JJF asked the Texas Supreme Court to get involved in the dispute, saying the lower appellate court's ruling “compelled arbitration between litigants who had no arbitration agreement.”

“By its ruling, the Amarillo court has created a new road block in the path to resolution which drastically alters a party’s right to have its disputes adjudicated in court,” JJF said in its petition for review filed on Feb. 27, 2017. “Without clarification of the distinction between compelling those who are signatories to arbitration agreements and those who are not, arbitrability of a dispute will become the only means of resolution with no fork in the path leading to the courthouse.”
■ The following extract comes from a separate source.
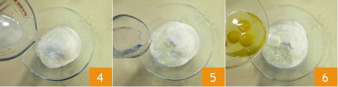 Also add the room temperature milk 4. Continue by pouring in the water 5 and the eggs 6.

In October 2016, the appellate court said JFF had agreed that an arbitrator would decide whether the conflict would be arbitrated. 

“The arbitrator did not exceed his authority by resolving that question contrary to JJF's position,” the Court of Appeals of Texas, Amarillo said in its decision. 

Altman made its argument, saying Federal Crop Insurance Contracts, such as the one with JJF, are different than other contracts. Altman said “laws apply differently to FCIC situations.”

“When this special scenario is joined with a producer trying to sue an agent, the laws of arbitration, contract and the FCIC collide into a unique scenario that the trial and appellate courts and arbitrator correctly handled,” Altman said in the response to petition for review filed on July 24, 2017. “The claims asserted by JJF are within the scope of the arbitration clause because they involve factual determinations as set forth within the policy.”

The policy has a section that's titled Mediation, Arbitration, Appeal, Reconsideration and Administrative and Judicial Review.

The section describes how different types of disputes between the parties can be resolved.

In the respondents brief on the merits filed on Dec. 12, 2017, the court cited the policy which says "If (the insured) and (the insurer) fail to agree on any determination made by the insurer except those specified in Section 20(d), the disagreement may be resolved through mediation."

If the resolution can't be reached through mediation or the parties don't agree to mediation, the policy says the disagreement must be solved through arbitration. 

The Supreme Court set oral arguments in the case for March 20.